Missoula, MT (KGVO-AM News) - Once a month, the Mansfield Center at the University of Montana hosts a special program featuring guests from the center discussing various programs at the center.

Tuesday was a different story, as Mansfield Center Executive Director Deena Mansour and Katie Vaughan , Director of Civic Engagement appeared ostensibly to discuss one of the special programs sponsored by the center, however, the conversation actually centered around the recent budget cuts imposed by the DOGE (Department of Government Efficiency) program.

Mansfield Center Director Discusses DOGE Budget Cuts

Mansour explained.

“Things have directly impacted us at the Mansfield Center, including layoffs, including loss of millions of dollars in funding,” began Mansour. “The reason for that, we believe, is not really a rational assessment of what our programs achieve. So we have just been informed that one program was immediately terminated, and that was our program to bridge divides, to support civic education, and civic engagement, to bolster an understanding of our nation's military and the role of Montanans in that sector of our governments.”

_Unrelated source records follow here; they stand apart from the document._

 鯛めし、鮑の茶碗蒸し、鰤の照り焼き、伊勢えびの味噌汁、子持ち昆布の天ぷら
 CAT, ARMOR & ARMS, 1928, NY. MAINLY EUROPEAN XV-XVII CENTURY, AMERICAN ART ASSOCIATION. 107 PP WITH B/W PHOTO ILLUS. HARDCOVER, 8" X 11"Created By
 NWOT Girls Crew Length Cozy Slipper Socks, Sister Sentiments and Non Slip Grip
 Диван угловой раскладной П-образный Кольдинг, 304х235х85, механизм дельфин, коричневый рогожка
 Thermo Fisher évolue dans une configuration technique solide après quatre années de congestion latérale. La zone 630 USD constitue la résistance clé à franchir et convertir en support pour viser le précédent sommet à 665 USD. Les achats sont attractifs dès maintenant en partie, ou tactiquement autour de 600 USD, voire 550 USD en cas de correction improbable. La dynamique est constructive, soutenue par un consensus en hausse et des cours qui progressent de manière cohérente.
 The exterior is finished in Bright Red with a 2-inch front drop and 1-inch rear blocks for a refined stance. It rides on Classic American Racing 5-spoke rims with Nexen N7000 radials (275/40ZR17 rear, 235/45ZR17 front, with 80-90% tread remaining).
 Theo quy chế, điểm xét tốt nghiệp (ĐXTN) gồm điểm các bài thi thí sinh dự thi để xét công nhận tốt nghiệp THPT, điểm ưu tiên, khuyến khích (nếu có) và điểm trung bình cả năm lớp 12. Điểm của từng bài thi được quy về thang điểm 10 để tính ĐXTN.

Mansour said the Center had an existing contract with the federal government that she says has been violated.

Mansour Said the Cuts May Violate an Existing Government Contract

“With the full support of our congressional delegation, we had competitively been awarded a grant of what remains to be about $6 million to bridge divides, and this allowed us to serve a number of programs, and I'll have Katie as the director of those programs, talk about those in more detail, but those were one of the first programs cut in the doge review of the Pentagon.”

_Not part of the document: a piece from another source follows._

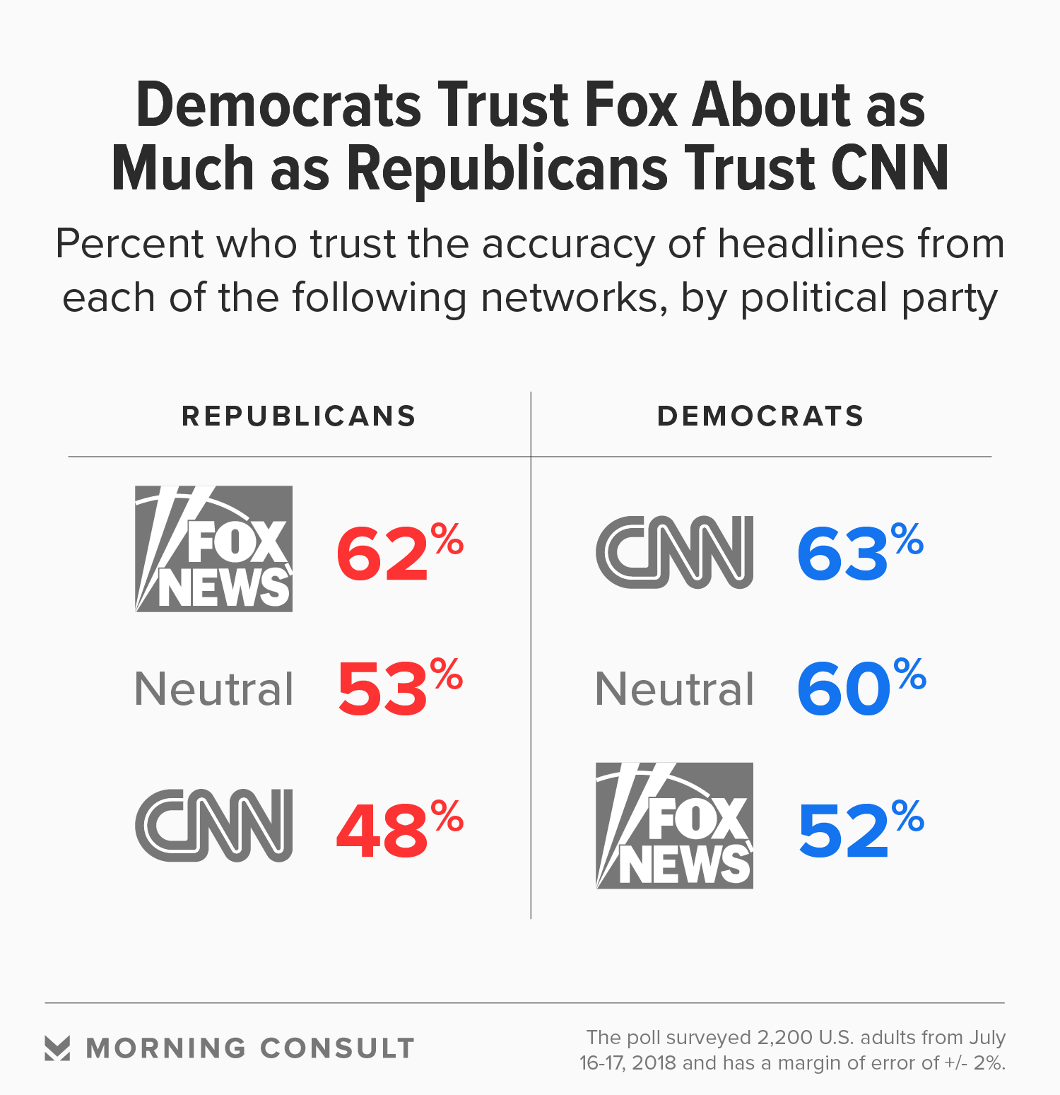 A new Morning Consult project sought to test how people would assess headlines from different news outlets. The survey included identical headlines (example: “Trump signs order to end immigrant family separations”) under three different logos and stylized navigation bars that represented CNN, Fox News and a neutral, unnamed outlet. Respondents only saw one topical headline per outlet and were told the headlines were hypothetical.

Mansour is hopeful that the $6 million grant will soon be restored.

“We believe that this was possibly an error,” she said. “If our congressional delegation had been more involved at that stage, or if people who had been reviewing the programs at that stage had looked at what we've actually achieved, those that $6 million would not have been cut.”

Mansour Is Hopeful that a $6 Million Project May be Restored

Mansour said her office always welcomes any legitimate scrutiny of its funding.

“We are completely supportive of a programmatic review,” she said. “We do believe our programs are 100 percent aligned with this administration as they should be. This administration, of course, wants to fund and run the programs it wants to, but this was, as many people have said, taking a sledgehammer rather than a scalpel to programs.”